На счастье, рядом никого не было. Он слышал далекие голоса, шаги по пологим галереям и другие звуки никогда не спящего полиса. Но на одном с ним круге лавочки вдоль стен пустовали, пруд возле каверны не оккупировала бессонная детвора и лишь несколько автоматов продолжали вечную работу, не обращая внимания на чужого.
Против воли он шагнул к округлой каменной створке под многоцветным панно. Пальцы скользнули в четыре углубления и машинально нажали на упрятанные в глубине кнопки, выбив по ним замысловатую дробь. В скале тихо зажужжали противовесы, и круглый люк откатился в стену, открыв проход в мастерскую отца.
«Нет! Мне здесь не место! – он замер на самом пороге, не понимая, ни как, ни зачем очутился здесь. – Но когда еще я увижу это место? Через сколько веков я, бессмертный, смогу вернуться назад без страха и боли? Или же намного раньше кол пронзит мое сердце, а прах после костра развеют на четыре стороны?»
Потолок осветился, стоило ему зайти в комнату и наступить на скрытую под полом панель. Он медленно двинулся вдоль стен восьмиугольного зала, любуясь выставленными шедеврами. Мозаики из полудрагоценных камней изображали надземную природу, битвы из эпосов или сцены жизни полиса. Сверкающие панно открывали красоту подземных галерей, тайны чистейших озер и шедевры грандиозных пещер. Каменные миниатюры складывались в истории о затерянных городах, баснословных сокровищах и сражениях с кровожадными монстрами.
Он помнил краски, но отныне не мог их видеть. Теперь весь мир заполняли серые цвета послесмертия. Но он помнил, потому что в детстве день за днем проводил здесь, играя и наблюдая, как отец алмазными сверлами вытачивает из необработанных минералов и булыжников эту красоту. Известный мастер всегда верил, что старший сын продолжит дело. Останется одним из Резчиков Камня. И до сих пор Лакрош помнил тень, что застлала лицо родителя, когда он сообщил о решении учиться у Держателей Вод. Он получил свое благословение, но больше никогда не удостоился любящей улыбки старика.
На столе, под ярким светильником, в окружении инструментов и увеличительных стекол лежала вырезанная из нефрита посмертная маска. Его маска. Он подошел и коснулся рельефного лица, за которым прятался предназначенный для праха сосуд.

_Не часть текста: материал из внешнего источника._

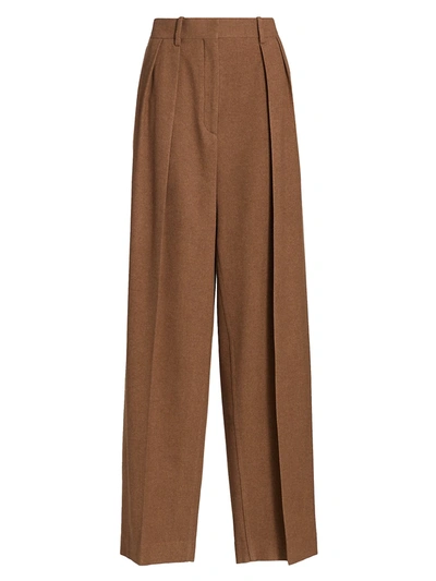 Pleated silk-blend trousers in a wide-leg silhouette. Banded waist Belt loops Zip fly and hook-and-eye closure Side seam pockets Lining: 100% cotton 51% silk/49% cashmere Dry clean Made in Italy SIZE & FIT Model measurements: 5'10" tall Model is wearing a US size 4. Designer Rtw - The Row > The Row > Saks Fifth Avenue > Barneys. The Row. Color: Brick. Size: 10.

– Что ты здесь делаешь? – его новые чувства подвели, не предупредив о вошедшем.
– Отец… – маска выпала из пальцев, глухо стукнув по рабочему столу.
В волосах, заплетенных в двойные косы и украшенных стальными нитями, прибавилось седины. Долгое, в пол, коричневое шерстяное одеяние скреплял на животе пояс из гравированных разноцветных каменных плиток. Одеяние мастера, не знающего дефектов.
– Мой сын умер! – отец бесстрашно подошел к столу и поднял маску, вглядевшись в барельеф. – Я хотел сжечь его тело, отпустить его душу к предкам и возложить в Аллее Прародителей. Но вместо этого…
Нефритовая маска рухнула на гранитные плиты пола и разлетелась зелеными осколками.
– Убирайся из моей мастерской, погань! То, что ты теперь есть, не достойно запятнать священный огонь кузни! Ты даже хуже разложившихся трупов пещерных крыс, которыми удобряют грибные плантации. Я убил бы тебя, если бы не страшился осквернить место моего дела. Вон!
– Я уйду, не волнуйся, – пальцы тряслись, гнев и обида разрушали хлипкие преграды на пути безрассудной жажды.
– И не возвращайся, – отец подошел к висящему на стене церемониальному молоту, способному крушить не только камень, но и черепа. – Безымянному не место в полисе.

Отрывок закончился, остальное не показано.